Albinism is a rare, hereditary and non-degenerative disease consisting of the reduced or lack of production of melanin, the pigment that colours the skin, hair, and eyes. In people with albinism, pigmentation in these areas takes on different shades depending on the amount of melanin in the body. Across Africa, these people are persecuted, discriminated against, and even hunted.

“Everyone thinks I am cursed,” said Cameroonian primary school student Douangni Sandrine. “My family has rejected me. My family does not want to see me. No matter what I do, they ignore it because I am albino. I have no dignity in their eyes.”

The widespread discrimination against albinos in Africa is partially due to the much higher incidence rate. Around one in every 20,000 people worldwide is affected by albinism, but in Africa, the rate is much higher. In Zimbabwe, for example, it is estimated that one in 4,000 people is albino, while in Tanzania this number is closer to one in 1,429. This is because rural tribes have a tendency to move less and have a more isolated genetic pool.

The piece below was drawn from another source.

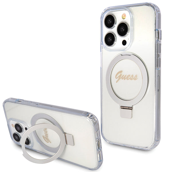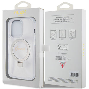 Guess Ring Stand Script Glitter MagSafe case for iPhone 15 Pro
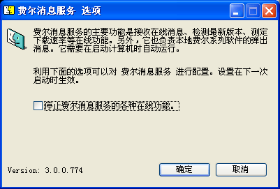 选中“停止费尔消息服务的各种在线功能”,按“确定”即可。

Discrimination is also based in the unsubstantiated beliefs and witchcraft prevalent on the continent. African albinos are the object of derision, verbal aggression, and social discrimination, and are regarded by their families as divine punishment. Fathers often abandon their wives when they give birth to a child with albinism, and sometimes mothers, afraid of the social repercussions and driven to prevent bringing dishonour and disgrace to the family, will abandon or even kill their children if they are born albino.

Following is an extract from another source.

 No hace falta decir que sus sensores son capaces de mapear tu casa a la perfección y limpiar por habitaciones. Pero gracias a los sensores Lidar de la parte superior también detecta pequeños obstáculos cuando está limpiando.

In some areas of sub-Saharan Africa, albinos suffer tremendous persecution, are considered the bearers of bad luck, and are called zeru zeru in Swahili, or “ghost people.” In other areas, however, the spread of sorcerers and healers has propagated myths such as the superstition that people with albinism are endowed with magical powers, with body parts that would bring good luck and success. Therefore, these people are, on the one hand, killed and tortured because they are considered bearers of bad luck – from 2014 to 2019, 150 people with albinism were reported killed just in Malawi – and on the other hand, are simultaneously mutilated or raped (because of the belief that sexual intercourse with a woman with albinism can cure sexually transmitted diseases such as A.I.D.S.). Kakmeni Wembou Raphael, head of the Cameroon Association for the Promotion of the Albino, told Anadolu Agency that albino children grow up fearing the discrimination and kidnappings that are very common in Cameroon. Kidnapped albinos can be sold on the black market for 15 to 30 dollars.

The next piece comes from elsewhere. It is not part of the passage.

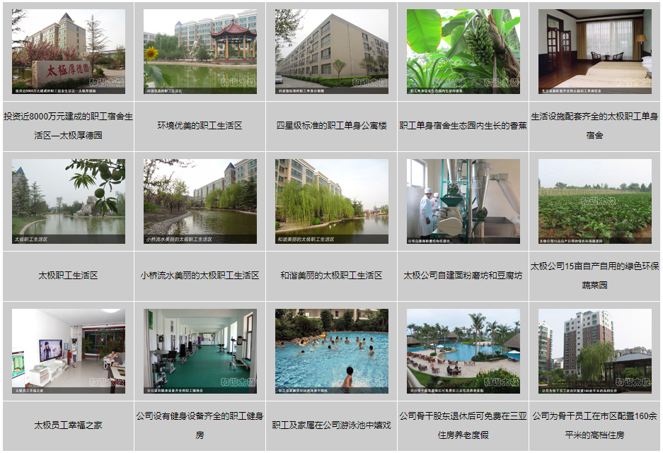 在2008年,太極公司投資近8000萬元建成了職工公寓樓3座,戶外綠樹溪湖環繞,每戶面積170平米,統一配置60寸夏普電視等。所建成的職工單身公寓樓采用四星級標準,共176間房,人均戶面積50平米,統一配置電視、網絡、洗浴間、床柜、空調、暖氣、桌椅等。而且單身公寓內設有3000余平方米的生態園林和高檔游泳池,一年四季綠樹茂盛常春。
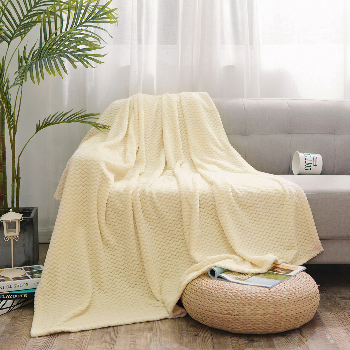 Плед из велсофта Royal plush 014-RP Cleo (кремовый), 180x200

Attacks on people with albinism have decreased in recent years, and protections have minorly improved. Attendees at the January 2018 African Union Summit held in Addis Ababa supplemented the 1981 African Charter on Human and Peoples’ Rights by adopting a new Protocol on the Rights of Persons with Disabilities, requiring states which have signed it to eliminate any violation of disabled people’s rights, and for the first time, 12 people were convicted for the murder of a boy with albinism on April 29^th, 2022. (22-year-old MacDonald Masambuka disappeared from Nakawa village on March 9^th, 2018, after going to a friend’s shop to buy a mat. His body was found just less than a month later.)

Still, people with albinism remain in fear. But this conviction unfortunately did not stop the murders. A few months after the murder conviction, in November 2022, a three-year-old girl was killed in the village of Mawawa Tadala Chirwa while sleeping with her grandmother.

The situation for African albinos remains perilous. More must be done to protect these people’s rights and safety.